I want to retract my statement that the Lagrange's four square theorem is a theorem of MA. I based my claim on Andrew Boucher's paper on General Arithmetic (GA). Boucher shows GA proves the four square theorem. I thought GA was a weak sub-theory of MA because GA has much weaker successor axioms. Rereading the paper I see Boucher says he is using 2nd order induction. He also says successor is second order.
Best Answer
The answer is no. It is enough to find a model of MA which is an integral domain of characteristic $0$ (whence O1 is true and E1 false) such that $2$ is not invertible (whence E2 is true and O2 false).
One example of such a model is the ring of $2$-adic integers $\mathbb Z_2$. This is clearly a domain, and $2$ is not a unit, hence it suffices to show
Theorem: For any prime $p$, the ring $\mathbb Z_p$ is a model of MA.
Proof: The only problem is to verify that induction holds. Assume $\mathbb Z_p\models\phi(0)\land\forall x\,(\phi(x)\to\phi(x+1))$, where $\phi$ is an arithmetic formula with parameters from $\mathbb Z_p$, and put $\phi(\mathbb Z_p):=\{a\in\mathbb Z_p:\mathbb Z_p\models\phi(a)\}$.

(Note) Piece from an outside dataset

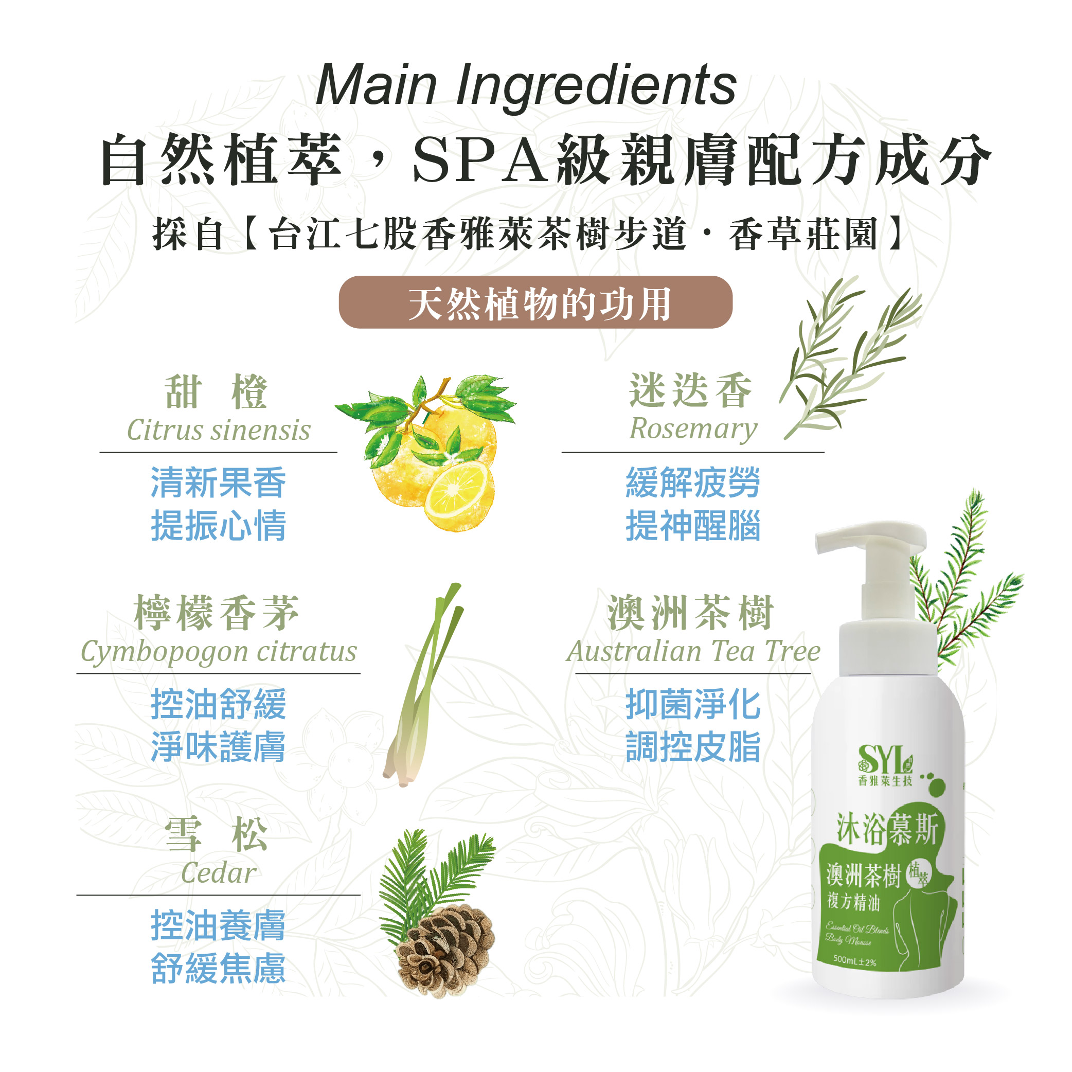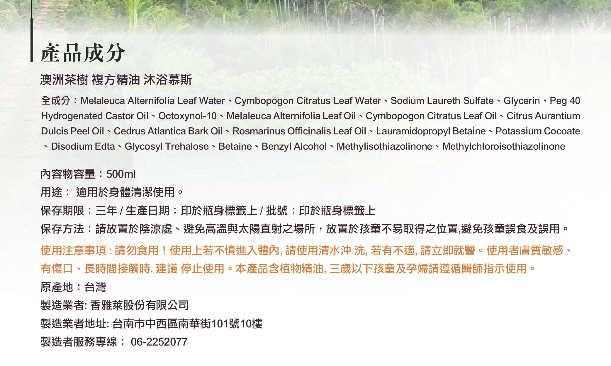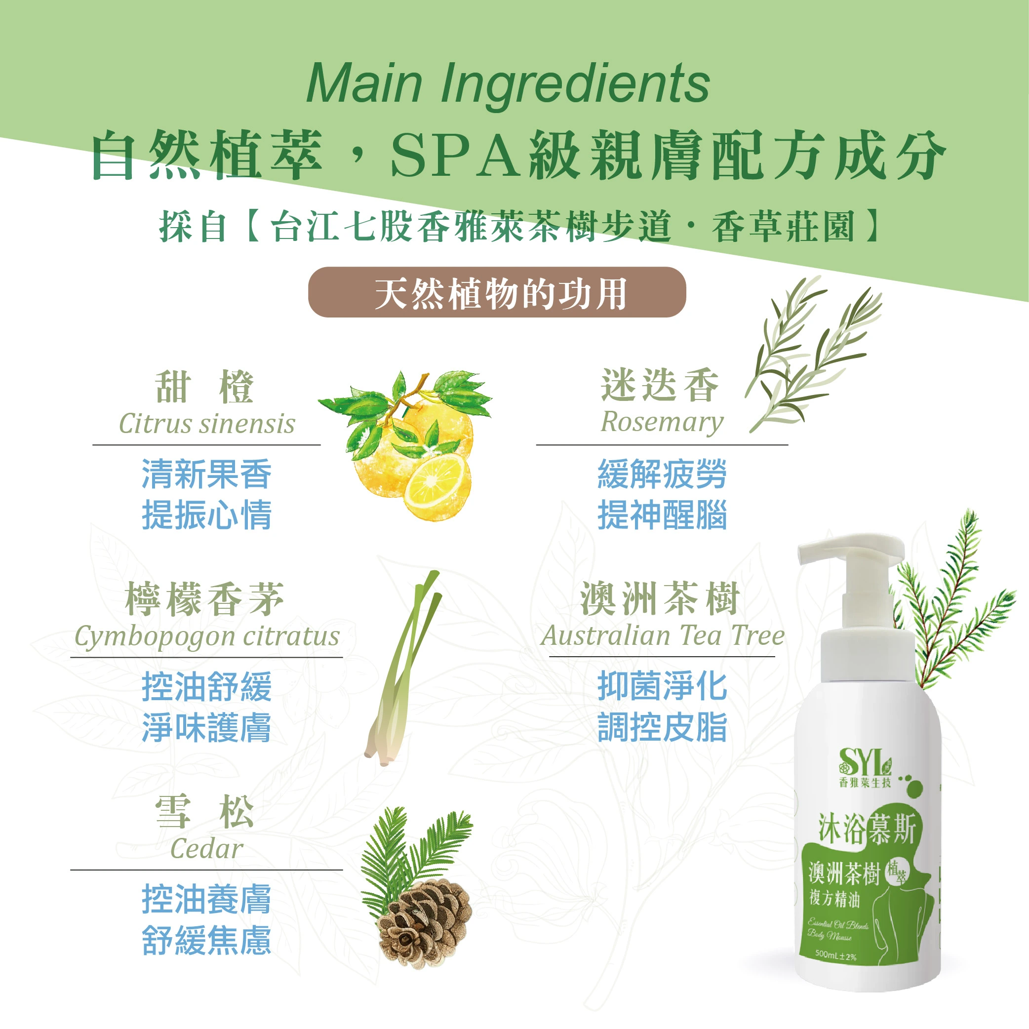 植萃精油-茶樹沐浴慕斯/500ml
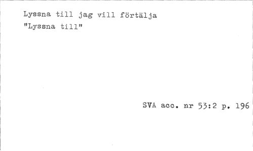 //// Lyssna till jag vill förtälja "Lyssna till» //// SVA acc. nr 55:2 p. 196 ////

Since $\phi(\mathbb Z_p)$ is definable in $\mathbb Z_p$, it is also definable in the field $\mathbb Q_p$ endowed with a unary predicate for $\mathbb Z_p$. Macintyre [1] proved that such structures admit a form of quantifier elimination, and as a corollary (Thm. 2 on p. 609), every infinite definable set has a nonempty interior. Thus, there is $a_0\in\phi(\mathbb Z_p)$ and $k\ge0$ such that $a_0+p^k\mathbb Z_p\subseteq\phi(\mathbb Z_p)$. Let $a\in\mathbb Z_p$ be arbitrary, and let $b< p^k$ be a natural number such that $b\equiv a-a_0\pmod{p^k}$. Since $\phi(\mathbb Z_p)$ is closed under successor, we have $a\in b+a_0+p^k\mathbb Z_p\subseteq\phi(\mathbb Z_p)$. Thus, $\phi(\mathbb Z_p)=\mathbb Z_p$, i.e., $\mathbb Z_p\models\forall x\,\phi(x)$. QED
I suspect the following may work as additional countermodels (they are domains where $2$ is not a unit, the issue is whether they satisfy induction):
The ring of algebraic integers $\tilde{\mathbb Z}$. A form of quantifier elimination for $\tilde{\mathbb Z}$ was proved by van den Dries [2] and Prestel and Schmid [3], but the basic formulas are somewhat messy, so it is not immediately clear to me whether this implies induction.
The localization of $\tilde{\mathbb Z}$ at a maximal ideal containing $2$. Elimination of quantifiers for this (and similar) rings is reported as Fact 3 in [2], where it is attributed to [4]. It seems it could imply induction by a similar argument as for $\mathbb Z_p$.
[1] Angus Macintyre, On definable subsets of $p$-adic fields, Journal of Symbolic Logic 41 (1976), no. 3, pp. 605–610.
[2] Lou van den Dries, Elimination theory for the ring of algebraic integers, Journal für die reine und angewandte Mathematik 388 (1988), pp. 189–205.
[3] A. Prestel and J. Schmid, Existentially closed domains with radical relations, Journal für die reine und angewandte Mathematik 407 (1990), pp. 178–201.
[4] Angus Macintyre, Kenneth McKenna, Lou van den Dries, Elimination of quantifiers in algebraic structures, Advances in Mathematics 47 (1983), no. 1, pp. 74–87.